When you’re presenting a molecular model or visualizing a simulation result, smooth camera motion plays a key role in capturing your audience’s focus. Whether you’re demonstrating an active site interaction, exploring a supramolecular complex, or producing an educational video, simple pans and transitions can make a big visual difference. But choreographing these camera movements can be frustrating if you’re relying on manual camera controls.
That’s where the Truck camera animation in SAMSON comes in. It’s designed to help you easily create a horizontal movement of the camera between two points, keeping both the camera’s position and its target point aligned — which means that the whole scene shifts laterally, like a slide.
Why use the Truck camera?
Molecular animations often need to follow a pathway, such as scanning along a DNA strand, gliding across a binding pocket, or showing interactions across a protein surface. In such cases, you want to translate the entire view horizontally to avoid distracting perspective changes. The Truck camera moves the camera’s viewpoint and focus together, maintaining the same relative direction and scale while re-framing the system in motion.

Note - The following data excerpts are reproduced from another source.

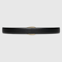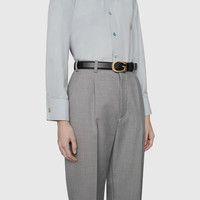 This thin leather belt is set with a G buckle with a shape reminiscent of Gucci designs from the seventies—a hallmark era of the House that continues to influence its narrative. - Black leather - Shiny gold-toned hardware - G buckle - 1.2" width - Made in Italy - Can be worn as a hip or waist belt. Sizing will differ based on where the belt is worn, please refer to the size guide to find your size.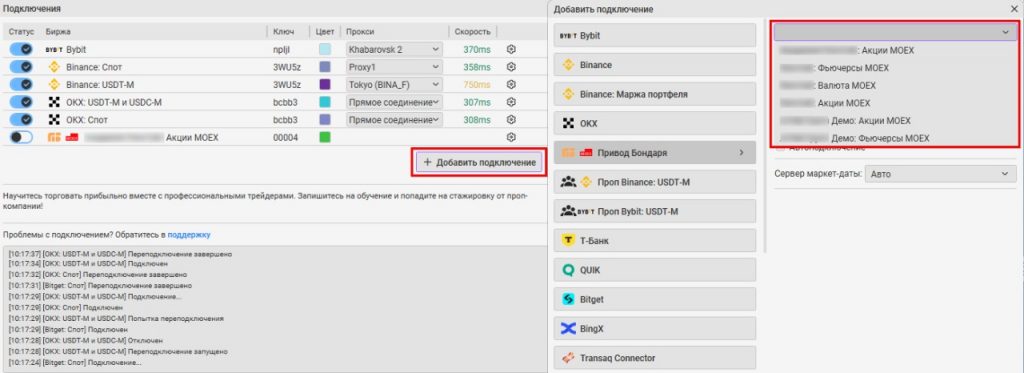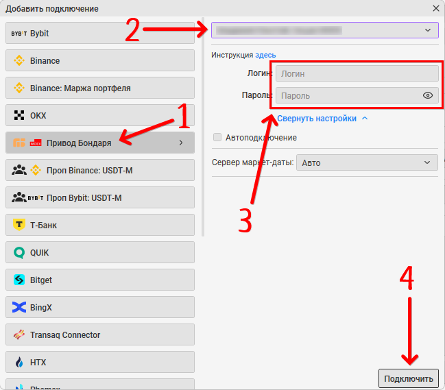 Находим подключение “Привод Бондаря”. В выпадающем списке выбираем площадку, водим логин и пароль, кликаем “Подключить”.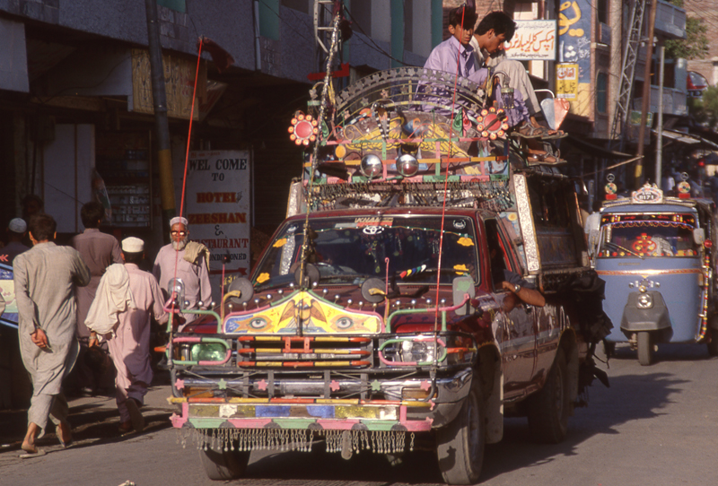 Notre première étape est Peshawar. Après le calme des montagnes kirghizes, le bruit et l’agitation de la ville sont difficiles à supporter. Nous continuons vers la vallée des Kalashs près de Chitral à une altitude de 2 500 mètres. Ce peuple méconnu a conservé ses coutumes, ses rites animistes et son identité unique au monde depuis près de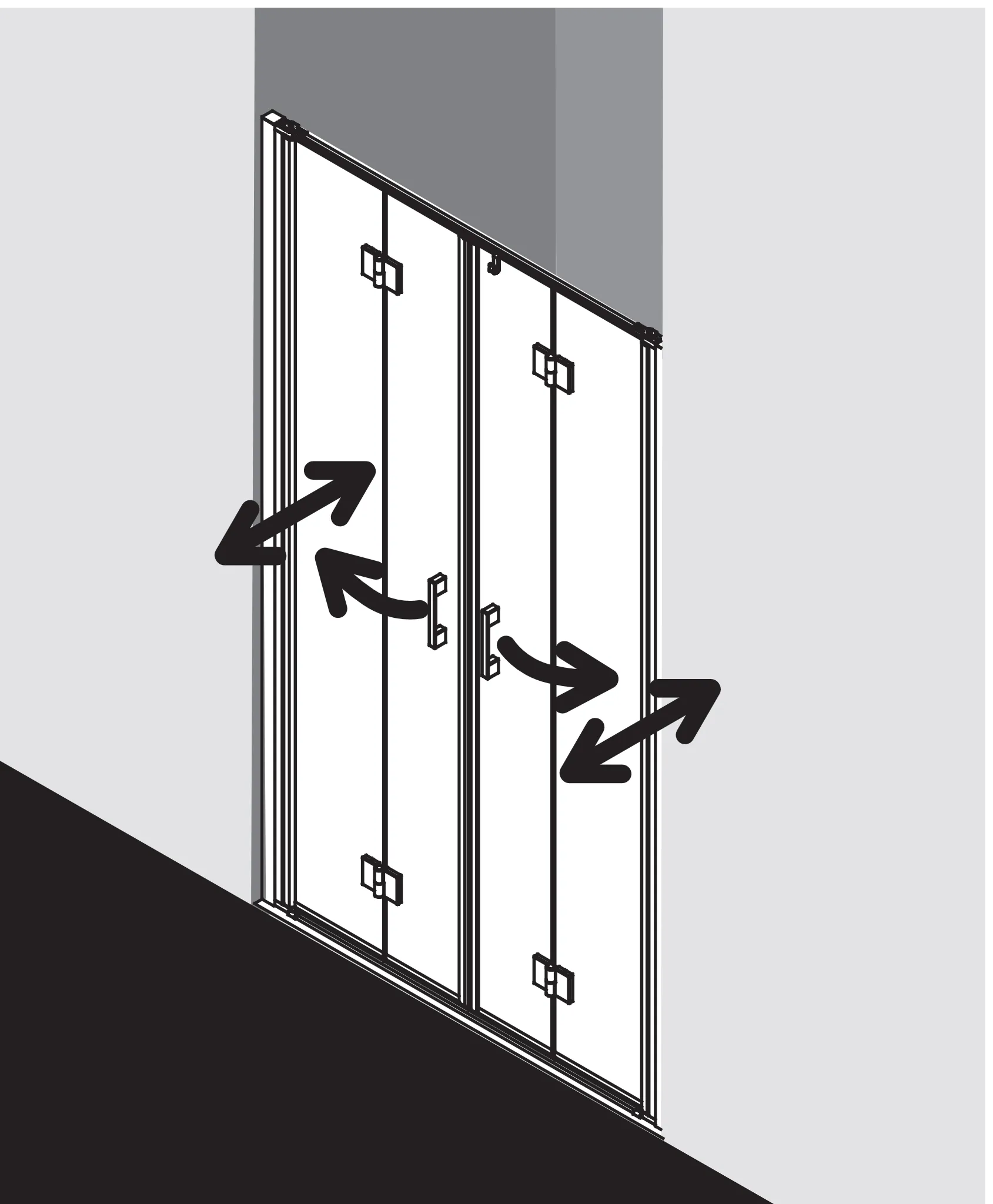 Die genaue Breitenverstellmöglichkeit (BV) Maßanfertigung finden Sie in der jeweiligen Tabelle Maßanfertigung. Der Breitenverstellbereich der Maßanfertigung ermöglicht den Schrägenausgleich bei nicht exakt lotgerechten Wänden.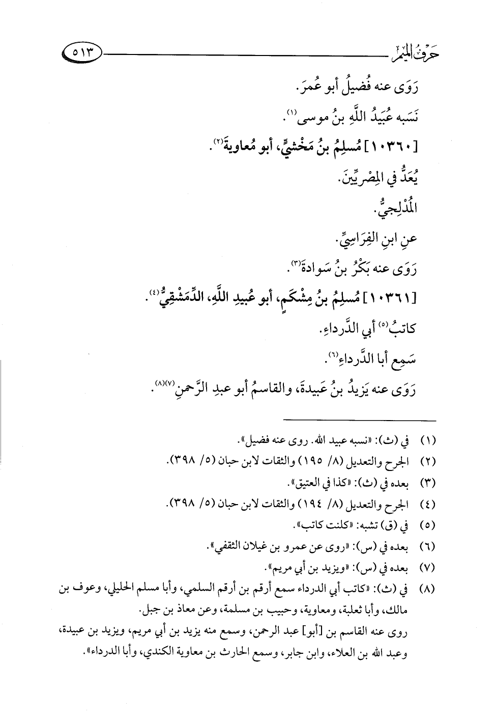 (¬٨) في (ث): "كاتب أبي الدرداء سمع أرقم بن أرقم السلمي، وأبا مسلم الحليلي، وعوف بن مالك، وأبا ثعلبة، ومعاوية، وحبيب بن مسلمة، وعن معاذ بن جبل.

Quick Overview of How It Works
The animation is set in the Animator Track View. You’ll start by positioning the camera and choosing the frame where the movement begins. Then, you add a Truck camera animation from the Animation panel.
Behind the scenes, SAMSON records both the camera’s position and the point it’s looking at, and offsets them by the same amount in a horizontal direction. The result is a visually gentle horizontal slide between the start and end frames.
Visual Example
Here’s a preview of what a Truck camera animation looks like when applied in SAMSON:

The movement conveys spatial progression without distorting the structure, making it ideal for transitions that keep your scene consistent.
Adjusting the Animation
The Truck camera effect supports custom adjustments, such as modifying the easing curve to change how the interpolation speed feels (linear, ease in/out, etc.). You can also choose whether it should apply to the active camera or to a different camera, and define how the movement behaves with regard to an optional grid.
To fine-tune positions, you can use animation controllers to adjust exactly how much lateral offset occurs. Keep in mind that the Truck camera effect uses a specific configuration; it assumes a consistent horizontal direction in the camera’s reference frame, and it’s most effective for lateral shifts without tilts.

Final Tip
If you’re combining multiple animations (like rotations or zooms), the Truck camera can be a great way to lead into or out of a sequence — especially if your goal is to pan over or reveal successive parts of a large molecular system.